(Extracted material)

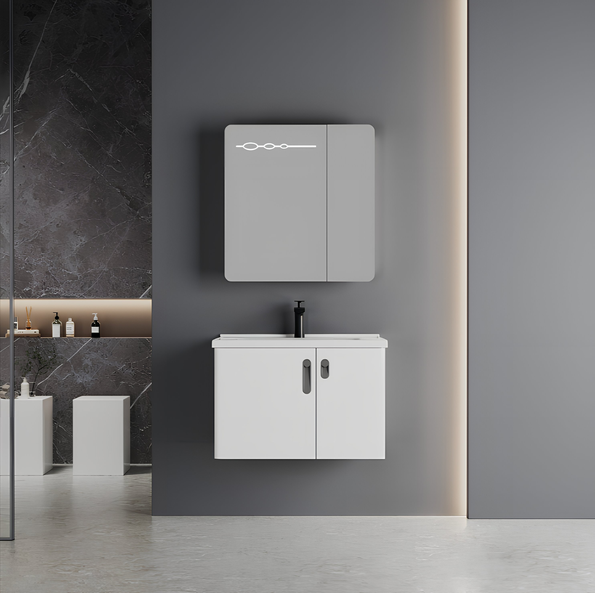 – Горен шкаф за баня от PVC с LED огледало
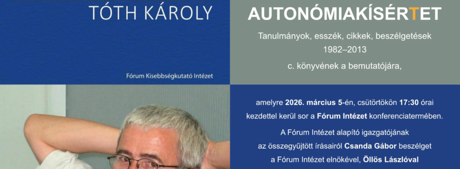 2026. március 5-én, csütörtökön került sor a Tóth Károly írásaiból összeállított Autonómiakísértet című új kiadványunk bemutatására. A Filep Tamás Gusztáv és Balla Kálmán által szerkesztett... Bővebben
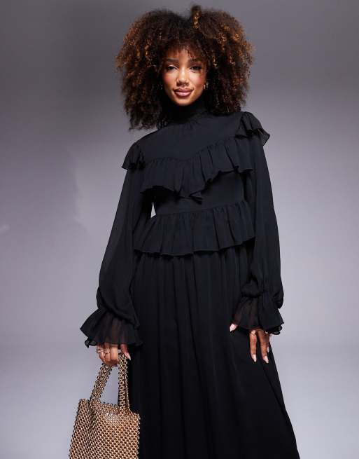 Product Name: Black chiffon ruffle dress online
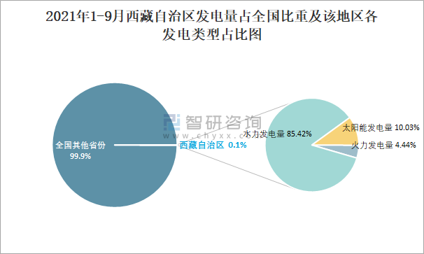 2021年1-9月西藏自治區發電量占全國比重及該地區各發電類型占比圖
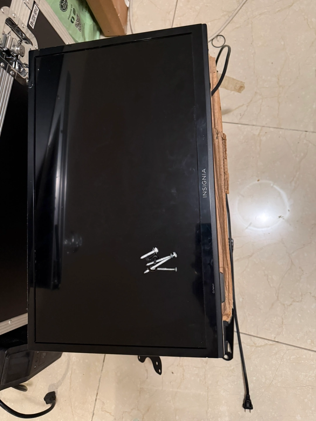 Mixed Items: GE AC, Insignia TV, Eagle Cane, TV Stand, Chair
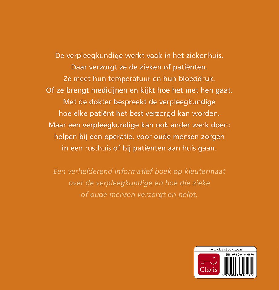 Een verhelderend informatief boek op kleutermaat over de verpleegkundige en hoe die zieke of oude mensen verzorgt en helpt.

(End Extracted material)

**Assignment:** Please retype, exactly and only, the lines from the one holding "Product Name: Black" to the end of the entries, both ends included, without any pictures.

**Response:**
 Product Name: Black chiffon ruffle dress online
 2021年1-9月西藏自治區發電量占全國比重及該地區各發電類型占比圖
 Mixed Items: GE AC, Insignia TV, Eagle Cane, TV Stand, Chair
 Een verhelderend informatief boek op kleutermaat over de verpleegkundige en hoe die zieke of oude mensen verzorgt en helpt.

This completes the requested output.